## [Description of the task]
Should pictures appear among the records, leave them out, and copy exactly only the lines from the first through the one with "幾重にも重なるカット面が、赤・青・緑・紫といった光を反射し、", inclusive.

Stored data entries:

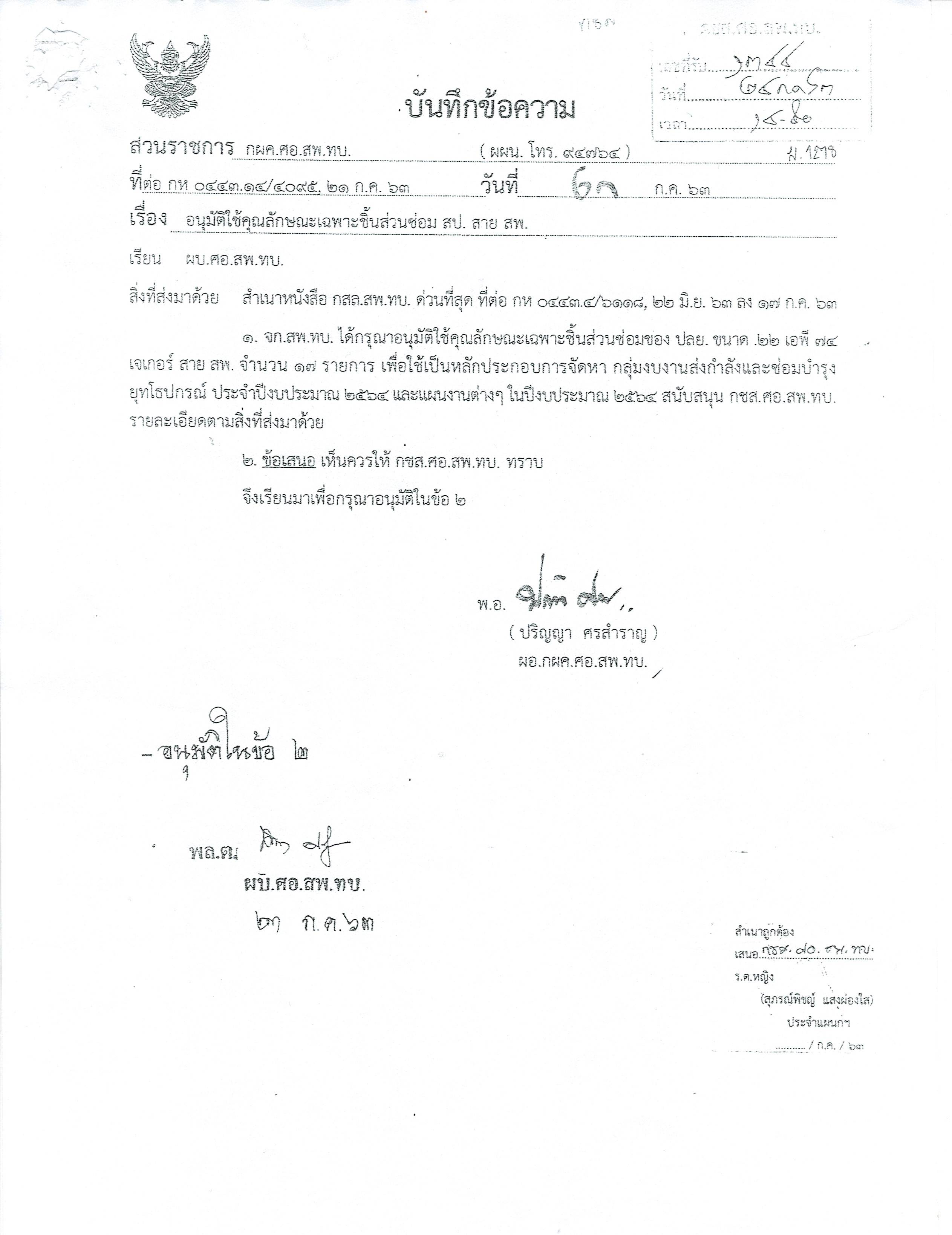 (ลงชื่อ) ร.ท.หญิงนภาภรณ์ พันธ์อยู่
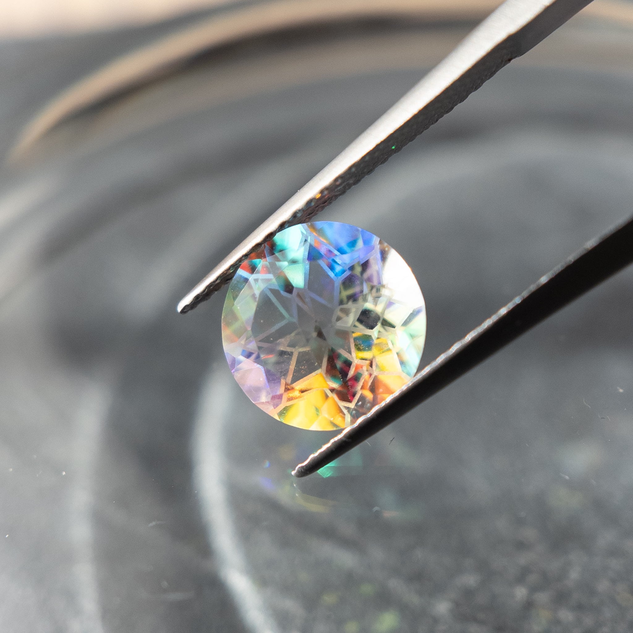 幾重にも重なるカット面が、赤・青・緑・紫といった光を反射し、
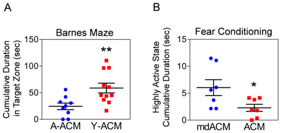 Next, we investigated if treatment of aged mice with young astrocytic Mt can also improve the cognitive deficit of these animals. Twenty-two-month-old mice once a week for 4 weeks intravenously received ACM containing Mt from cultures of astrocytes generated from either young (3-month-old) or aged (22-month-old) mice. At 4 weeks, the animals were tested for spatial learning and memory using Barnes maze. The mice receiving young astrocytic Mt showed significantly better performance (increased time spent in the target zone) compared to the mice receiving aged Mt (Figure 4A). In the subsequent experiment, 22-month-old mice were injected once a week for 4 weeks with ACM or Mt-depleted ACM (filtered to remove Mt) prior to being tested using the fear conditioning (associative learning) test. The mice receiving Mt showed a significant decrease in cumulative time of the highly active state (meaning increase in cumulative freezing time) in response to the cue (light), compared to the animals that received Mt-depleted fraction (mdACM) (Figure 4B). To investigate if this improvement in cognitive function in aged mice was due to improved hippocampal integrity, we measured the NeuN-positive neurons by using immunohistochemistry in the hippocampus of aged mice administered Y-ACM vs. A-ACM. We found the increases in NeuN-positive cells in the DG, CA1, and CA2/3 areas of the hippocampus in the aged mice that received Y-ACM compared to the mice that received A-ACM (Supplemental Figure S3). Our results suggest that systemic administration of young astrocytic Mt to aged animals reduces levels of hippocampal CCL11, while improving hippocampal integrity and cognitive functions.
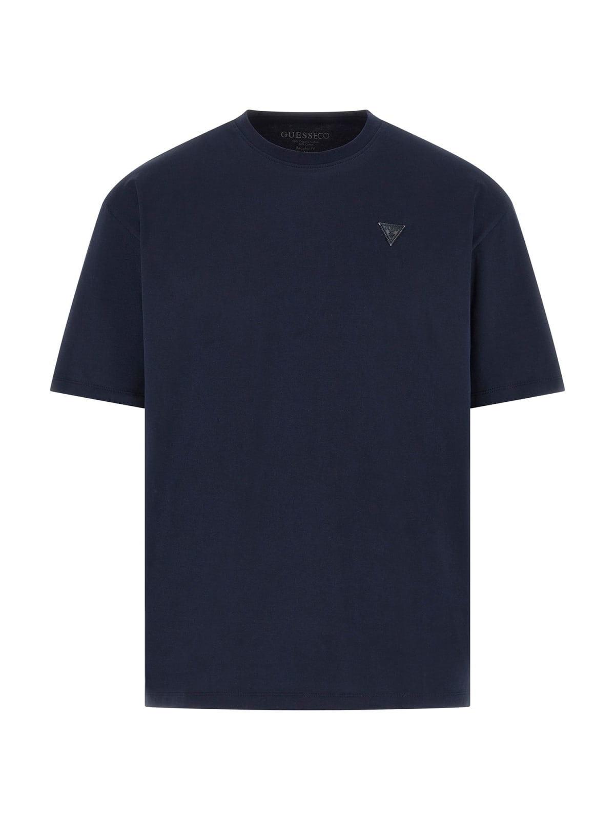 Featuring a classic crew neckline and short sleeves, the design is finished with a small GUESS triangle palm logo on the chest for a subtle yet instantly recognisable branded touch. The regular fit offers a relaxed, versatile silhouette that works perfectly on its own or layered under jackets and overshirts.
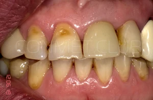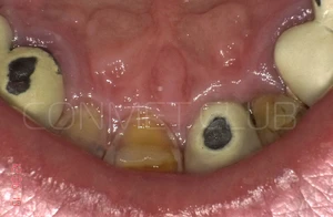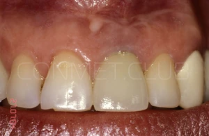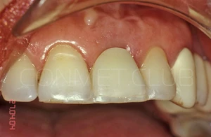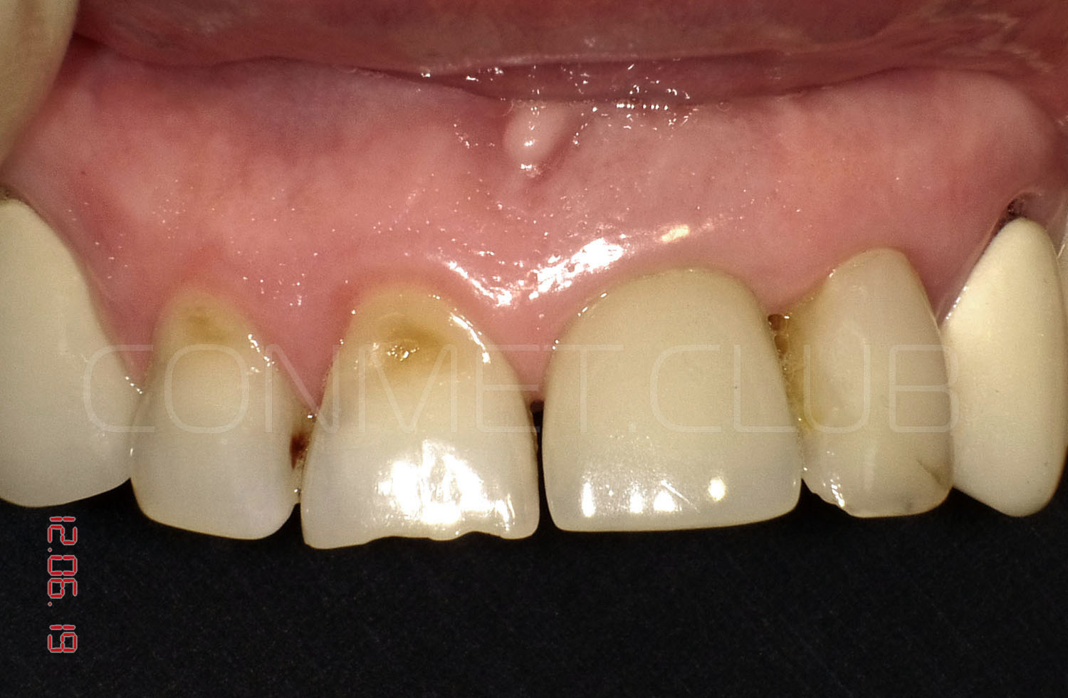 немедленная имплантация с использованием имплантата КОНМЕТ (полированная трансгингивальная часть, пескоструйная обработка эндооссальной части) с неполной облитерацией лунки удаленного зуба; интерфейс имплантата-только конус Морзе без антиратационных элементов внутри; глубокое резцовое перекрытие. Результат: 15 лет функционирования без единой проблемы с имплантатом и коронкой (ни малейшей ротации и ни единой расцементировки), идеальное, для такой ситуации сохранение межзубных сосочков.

## [Solution to the problem]
 (ลงชื่อ) ร.ท.หญิงนภาภรณ์ พันธ์อยู่
 幾重にも重なるカット面が、赤・青・緑・紫といった光を反射し、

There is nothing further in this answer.